(Saved data entries)

Content starts

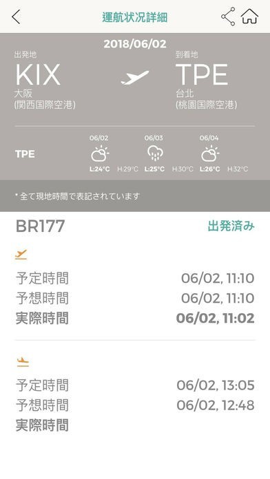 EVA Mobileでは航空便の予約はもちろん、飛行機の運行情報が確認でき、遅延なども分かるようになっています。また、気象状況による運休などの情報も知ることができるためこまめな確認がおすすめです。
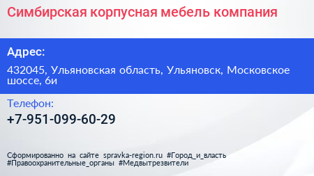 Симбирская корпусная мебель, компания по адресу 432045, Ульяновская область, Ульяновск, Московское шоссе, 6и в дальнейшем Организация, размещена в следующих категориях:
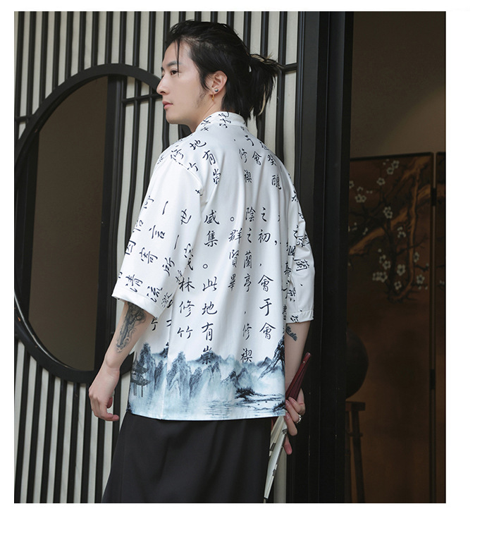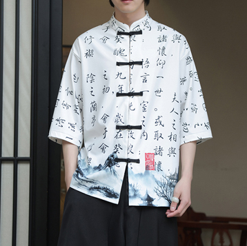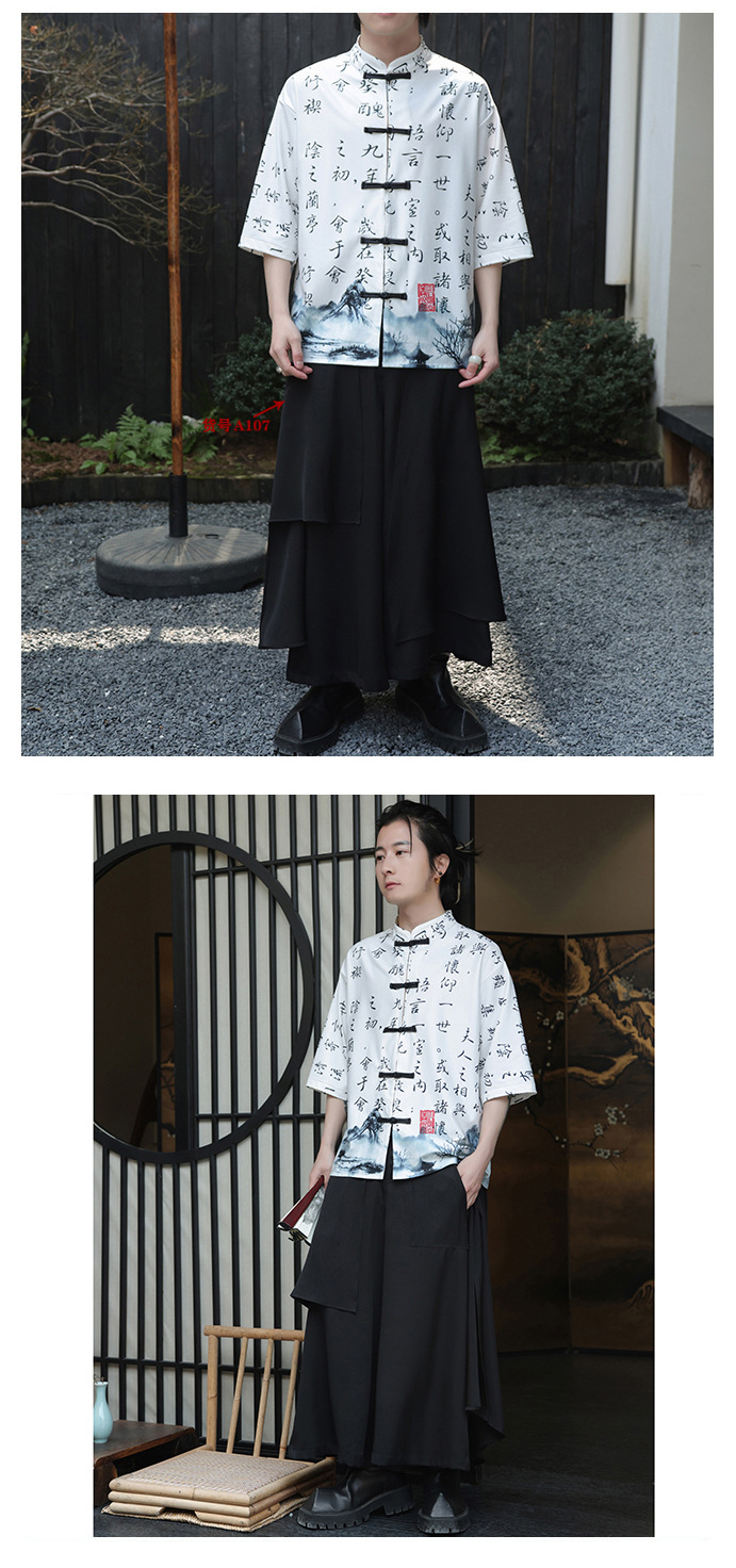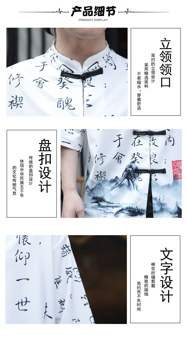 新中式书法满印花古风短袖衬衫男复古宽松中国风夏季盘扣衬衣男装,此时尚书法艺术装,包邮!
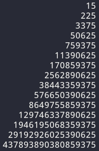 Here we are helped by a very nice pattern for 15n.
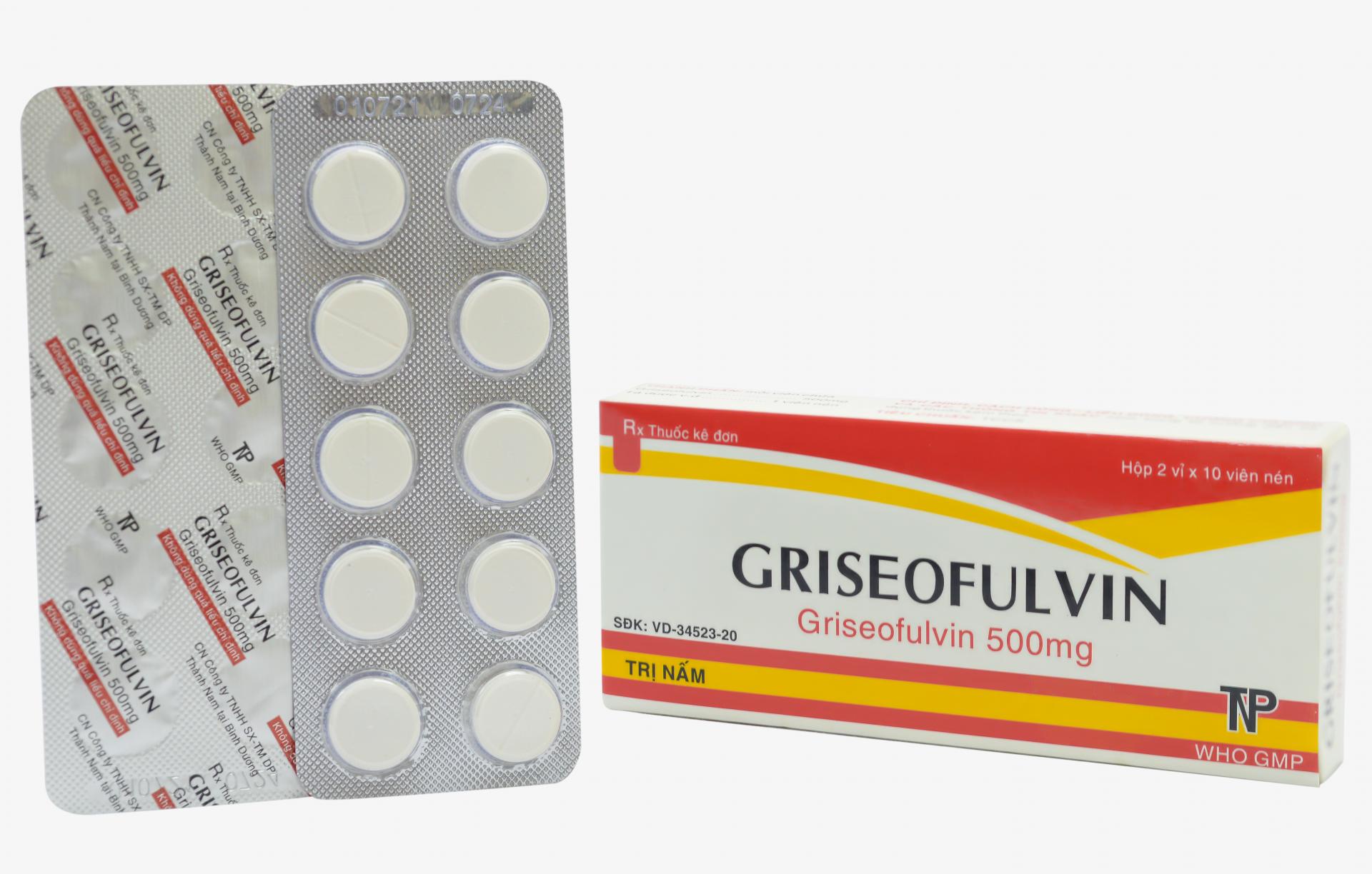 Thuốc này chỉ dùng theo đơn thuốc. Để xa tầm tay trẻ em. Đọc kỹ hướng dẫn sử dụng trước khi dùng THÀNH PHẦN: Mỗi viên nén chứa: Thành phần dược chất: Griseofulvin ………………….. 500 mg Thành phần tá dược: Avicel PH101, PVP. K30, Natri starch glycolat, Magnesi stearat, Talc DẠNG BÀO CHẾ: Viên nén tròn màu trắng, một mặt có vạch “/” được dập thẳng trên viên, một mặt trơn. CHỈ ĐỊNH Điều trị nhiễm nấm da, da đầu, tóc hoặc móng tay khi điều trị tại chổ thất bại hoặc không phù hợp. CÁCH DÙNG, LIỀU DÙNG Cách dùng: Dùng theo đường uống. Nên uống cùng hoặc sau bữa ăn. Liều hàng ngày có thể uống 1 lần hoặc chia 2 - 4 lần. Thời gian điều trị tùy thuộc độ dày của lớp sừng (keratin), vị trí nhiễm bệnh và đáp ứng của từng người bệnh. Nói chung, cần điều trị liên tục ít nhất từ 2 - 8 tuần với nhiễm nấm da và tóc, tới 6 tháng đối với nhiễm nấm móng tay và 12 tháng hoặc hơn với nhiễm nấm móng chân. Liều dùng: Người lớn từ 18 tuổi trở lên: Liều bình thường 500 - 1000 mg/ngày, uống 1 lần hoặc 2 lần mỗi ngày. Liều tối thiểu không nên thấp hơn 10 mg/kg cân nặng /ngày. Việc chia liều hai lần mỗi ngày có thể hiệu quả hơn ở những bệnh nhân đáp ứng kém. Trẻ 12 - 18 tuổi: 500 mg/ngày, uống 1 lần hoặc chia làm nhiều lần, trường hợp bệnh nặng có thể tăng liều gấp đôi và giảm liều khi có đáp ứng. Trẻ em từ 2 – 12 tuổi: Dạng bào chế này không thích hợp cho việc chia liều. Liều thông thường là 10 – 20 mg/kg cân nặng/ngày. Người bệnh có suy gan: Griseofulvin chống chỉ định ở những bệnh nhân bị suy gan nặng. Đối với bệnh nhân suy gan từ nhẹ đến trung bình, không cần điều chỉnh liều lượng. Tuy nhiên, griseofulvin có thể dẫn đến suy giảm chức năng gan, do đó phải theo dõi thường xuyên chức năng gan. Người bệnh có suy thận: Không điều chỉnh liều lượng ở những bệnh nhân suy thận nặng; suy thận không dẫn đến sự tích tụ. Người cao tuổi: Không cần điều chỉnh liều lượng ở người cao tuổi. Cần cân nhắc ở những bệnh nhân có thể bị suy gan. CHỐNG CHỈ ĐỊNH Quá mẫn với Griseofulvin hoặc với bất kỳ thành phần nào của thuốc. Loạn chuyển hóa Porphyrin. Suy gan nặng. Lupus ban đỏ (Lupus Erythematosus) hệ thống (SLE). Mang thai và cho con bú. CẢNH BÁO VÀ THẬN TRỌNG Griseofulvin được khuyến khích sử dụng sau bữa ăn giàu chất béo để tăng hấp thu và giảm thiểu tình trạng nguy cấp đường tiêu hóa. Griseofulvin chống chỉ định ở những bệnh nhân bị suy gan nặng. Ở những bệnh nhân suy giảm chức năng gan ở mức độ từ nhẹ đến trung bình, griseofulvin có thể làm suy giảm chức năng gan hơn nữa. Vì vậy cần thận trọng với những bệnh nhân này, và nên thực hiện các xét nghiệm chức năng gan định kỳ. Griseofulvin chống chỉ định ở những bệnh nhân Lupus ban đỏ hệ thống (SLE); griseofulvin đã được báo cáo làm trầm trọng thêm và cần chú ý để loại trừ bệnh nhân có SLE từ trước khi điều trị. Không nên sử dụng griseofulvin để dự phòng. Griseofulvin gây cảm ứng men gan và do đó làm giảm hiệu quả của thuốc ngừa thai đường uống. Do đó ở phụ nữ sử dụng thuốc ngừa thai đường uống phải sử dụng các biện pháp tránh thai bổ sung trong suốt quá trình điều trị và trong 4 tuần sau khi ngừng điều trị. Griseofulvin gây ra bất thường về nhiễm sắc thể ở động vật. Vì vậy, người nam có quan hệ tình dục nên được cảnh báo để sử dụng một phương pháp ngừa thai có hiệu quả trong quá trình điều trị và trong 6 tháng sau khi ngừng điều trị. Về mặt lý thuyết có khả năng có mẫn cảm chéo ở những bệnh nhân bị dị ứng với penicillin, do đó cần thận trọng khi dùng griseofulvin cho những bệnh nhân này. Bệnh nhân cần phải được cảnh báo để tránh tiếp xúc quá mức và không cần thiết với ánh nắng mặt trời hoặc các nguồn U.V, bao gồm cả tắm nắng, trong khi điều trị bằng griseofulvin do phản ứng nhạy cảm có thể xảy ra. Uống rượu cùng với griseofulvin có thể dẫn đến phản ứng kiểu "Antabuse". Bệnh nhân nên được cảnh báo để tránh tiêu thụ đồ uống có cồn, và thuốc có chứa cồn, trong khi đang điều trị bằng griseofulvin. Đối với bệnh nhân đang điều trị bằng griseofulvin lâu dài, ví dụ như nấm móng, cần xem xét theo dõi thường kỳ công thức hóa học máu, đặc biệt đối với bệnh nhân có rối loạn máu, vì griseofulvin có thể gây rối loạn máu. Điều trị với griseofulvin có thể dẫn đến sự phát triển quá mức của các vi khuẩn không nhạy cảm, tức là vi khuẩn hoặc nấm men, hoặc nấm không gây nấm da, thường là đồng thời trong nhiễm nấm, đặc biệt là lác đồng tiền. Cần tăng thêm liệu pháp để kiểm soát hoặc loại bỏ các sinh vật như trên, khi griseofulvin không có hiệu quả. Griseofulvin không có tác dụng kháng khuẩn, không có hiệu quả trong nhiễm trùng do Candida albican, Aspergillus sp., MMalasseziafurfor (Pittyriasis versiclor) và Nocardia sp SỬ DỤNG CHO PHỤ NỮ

Content ends
Content starts

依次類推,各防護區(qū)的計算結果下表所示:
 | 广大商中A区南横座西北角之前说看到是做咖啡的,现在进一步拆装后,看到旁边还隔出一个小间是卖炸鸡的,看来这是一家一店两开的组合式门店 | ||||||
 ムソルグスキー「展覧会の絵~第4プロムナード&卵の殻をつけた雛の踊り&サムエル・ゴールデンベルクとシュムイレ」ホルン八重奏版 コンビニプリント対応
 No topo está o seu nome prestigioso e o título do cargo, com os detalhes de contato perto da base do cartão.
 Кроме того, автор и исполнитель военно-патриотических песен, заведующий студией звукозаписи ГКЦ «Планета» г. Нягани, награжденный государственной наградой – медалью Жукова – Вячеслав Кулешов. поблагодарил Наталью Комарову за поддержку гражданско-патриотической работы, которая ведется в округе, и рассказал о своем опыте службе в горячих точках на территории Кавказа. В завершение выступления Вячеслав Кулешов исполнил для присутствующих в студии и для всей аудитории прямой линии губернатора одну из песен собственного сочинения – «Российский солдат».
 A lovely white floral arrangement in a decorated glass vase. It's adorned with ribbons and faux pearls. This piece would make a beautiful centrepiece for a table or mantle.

Content ends

=== Exercise aim ===
Retype only this portion of the data above: the line containing "No topo está", the line containing "A lovely white", and all lines between them, exactly.

=== Solved exercise ===
 No topo está o seu nome prestigioso e o título do cargo, com os detalhes de contato perto da base do cartão.
 Кроме того, автор и исполнитель военно-патриотических песен, заведующий студией звукозаписи ГКЦ «Планета» г. Нягани, награжденный государственной наградой – медалью Жукова – Вячеслав Кулешов. поблагодарил Наталью Комарову за поддержку гражданско-патриотической работы, которая ведется в округе, и рассказал о своем опыте службе в горячих точках на территории Кавказа. В завершение выступления Вячеслав Кулешов исполнил для присутствующих в студии и для всей аудитории прямой линии губернатора одну из песен собственного сочинения – «Российский солдат».
 A lovely white floral arrangement in a decorated glass vase. It's adorned with ribbons and faux pearls. This piece would make a beautiful centrepiece for a table or mantle.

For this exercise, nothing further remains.